Meet the Other Phone. A phone that grows with your child.

Meet the Other Phone.
A phone that grows with your child.

Buy now

Please or to access all these features

Relationships

Mumsnet has not checked the qualifications of anyone posting here. If you need help urgently or expert advice, please see our domestic violence webguide and/or relationships webguide. Many Mumsnetters experiencing domestic abuse have found this thread helpful: Listen up, everybody

New man & facebook

60 replies

Sparksflying · 15/08/2021 16:17

I started seeing someone a few weeks ago. He was a friend from many years ago so definitely not a stranger. I just said something about adding him as a friend on Facebook and he wasn’t keen on the idea.
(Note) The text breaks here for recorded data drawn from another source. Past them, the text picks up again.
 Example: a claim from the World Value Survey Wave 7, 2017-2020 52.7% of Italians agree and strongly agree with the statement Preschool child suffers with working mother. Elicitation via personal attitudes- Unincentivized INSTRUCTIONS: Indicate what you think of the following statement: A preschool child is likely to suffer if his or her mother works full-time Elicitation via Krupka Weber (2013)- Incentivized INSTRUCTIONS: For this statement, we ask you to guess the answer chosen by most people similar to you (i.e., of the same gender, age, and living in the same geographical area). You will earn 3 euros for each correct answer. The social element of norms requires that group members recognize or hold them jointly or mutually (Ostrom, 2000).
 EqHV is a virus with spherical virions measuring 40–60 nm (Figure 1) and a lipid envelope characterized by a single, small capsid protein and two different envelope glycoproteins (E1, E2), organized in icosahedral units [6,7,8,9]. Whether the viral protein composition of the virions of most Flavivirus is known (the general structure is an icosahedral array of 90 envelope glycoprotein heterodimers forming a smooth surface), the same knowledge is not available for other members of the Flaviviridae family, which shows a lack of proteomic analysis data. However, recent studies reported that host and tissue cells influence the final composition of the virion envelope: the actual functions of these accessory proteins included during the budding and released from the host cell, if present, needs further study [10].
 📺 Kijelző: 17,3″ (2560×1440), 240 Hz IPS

He’s still has his ex on there and is still good friends with her (they chat and meet sometimes) and his friendship didn’t bother me at all. Just feels a bit strange that he’s not comfortable adding me. Probably sounds a bit silly but I’m quite wary with new relationships.

OP posts:
Feelingoktoday · 15/08/2021 16:18

Far too soon. I only add good friends to GB not someone I’ve dated for a little while.
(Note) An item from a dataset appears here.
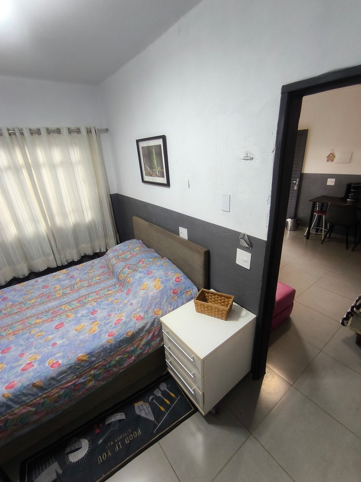 O espaço é um studio totalmente privativo para até 2 pessoas em um sobrado. Quarto com AR CONDICIONADO, cama box de casal, guarda roupas, Smart TV (Youtube, Netflix, etc.), Internet de fibra óptica, escrivaninha e cadeira. Cozinha completa, jogo de cama, mesa e banho. Lavanderia com máquina de lavar, tanque e varal. Vaga para 1 veículo em garagem com portão eletrônico. Localização ótima, próximo ao centro, em rua comercial com fluxo durante o dia e tranquila durante a noite e finais de semana
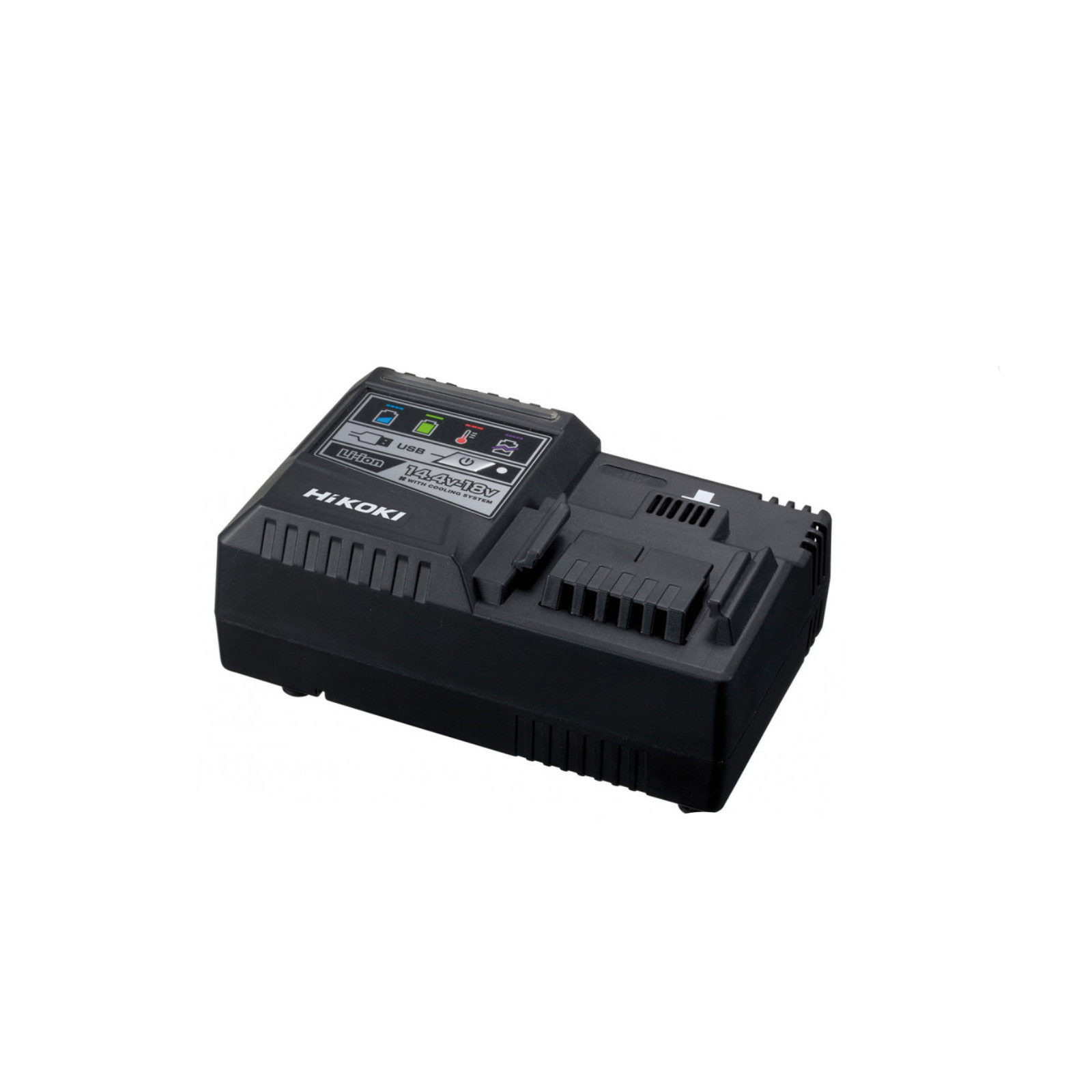Chargeur ventilé, optimise l'utilisation des batteries Li-ion à glissière 14,4 - 18V et 36V (Multivolt) .

category12 · 15/08/2021 16:22

Depends - does he have a massive friends list or a small one?

Sparksflying · 15/08/2021 16:24

@category12 I’d say small to medium.

OP posts:
Sparksflying · 15/08/2021 18:02

Bump

OP posts:
namechangeandNC · 15/08/2021 18:05

I don't even have my DH on fb. It isn't a part of our lives. I've not used it for goodness knows how long and him for even longer.

Hulalucy · 15/08/2021 18:07

@Sparksflying that would be a red flag to me.

RevolvingPivot · 15/08/2021 18:09

I think you should have added him without asking. But yes I'd want to be added to it to find out more about him.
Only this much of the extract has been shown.